Many questions remain about how the NWF will work, and in whose interest. Will it use equity stakes in manufacturing firms to steer them towards other social and environmental goals, such as reinvesting profits to innovate and reduce costs? Or will it just facilitate share buybacks? Will its support come with conditions aimed at maximising public value in the economy so the rewards are shared beyond private shareholders? Will its investment mandate go any further than attracting as much private capital as possible? Will whether or not the UK hits its legal climate targets depend on how profitable our infrastructure is? The answers could determine whether the NWF becomes a vehicle for further privatisation of UK infrastructure (and the poor management this often entails) or succeeds in stewarding capital in the public interest and coordinating an orderly, just transition to net zero.

Weekly Updates

Ownership

Fixing the broken water system. It is time to end the failed experiment of privatisation and bring water back into public ownership, argues a new report by Common Wealth. It calls for Thames Water to be taken into special administration, for clean water to be put at the heart of regulation, and for a new water system free from profiteering.

Paradigm shift

Mission-driven government. Mariana Mazzucato, the economist behind Labour’s mission-driven strategy, tells the Telegraph that Starmer’s government still hasn’t grasped how to put her ideas into practice, arguing that the NHS and growth are not missions.

Tax

Inheritance tax. The UK could raise more revenue from inheritance tax and make the system fairer by imitating other countries successes, according to a new Demos report.

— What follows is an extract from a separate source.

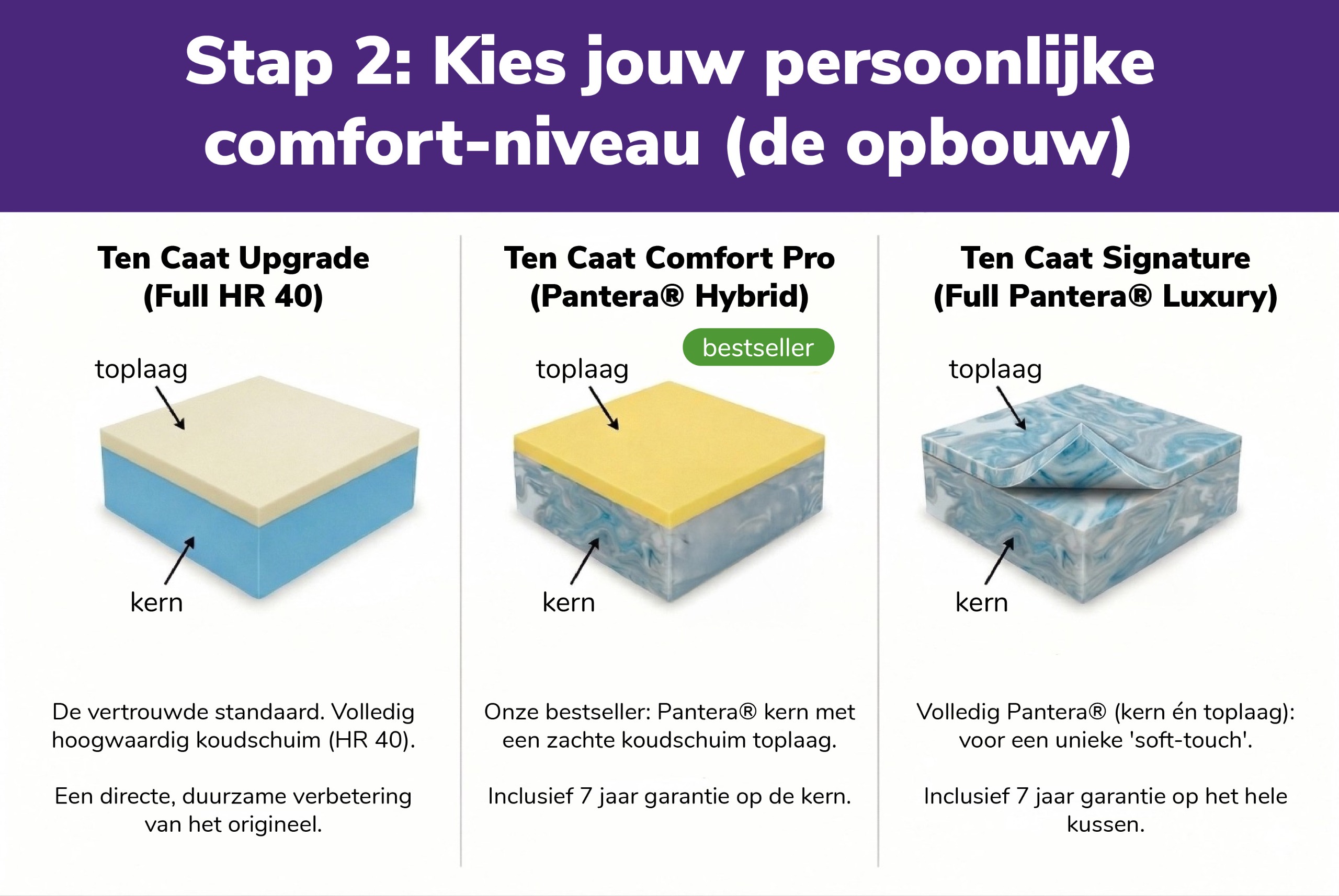 - Ten Caat Comfort Pro (Pantera® Hybrid): Onze bestseller voor jarenlang plezier. Een kern van Pantera® gecombineerd met een toplaag van zacht koudschuim. Inclusief 7 jaar garantie op de kern.

Will France implement a 90% on the rich? The New Popular Front, a four-party coalition of left and green parties who are now the largest group in the French parliament, have proposed a 90% tax on all income above €400,000 to fund social policies, redistribute wealth and reduce economic inequality.

Fiscal policy

Can the OBR be retooled for progressive change? Economist Nick O’Donovan has published a peer reviewed article on The OBR and the unintended consequences of Mr Osborne. The article “considers whether the OBR is inherently biased towards austerity and fiscal conservatism, or whether OBR scrutiny is compatible with more radical changes in the UK’s political economy.”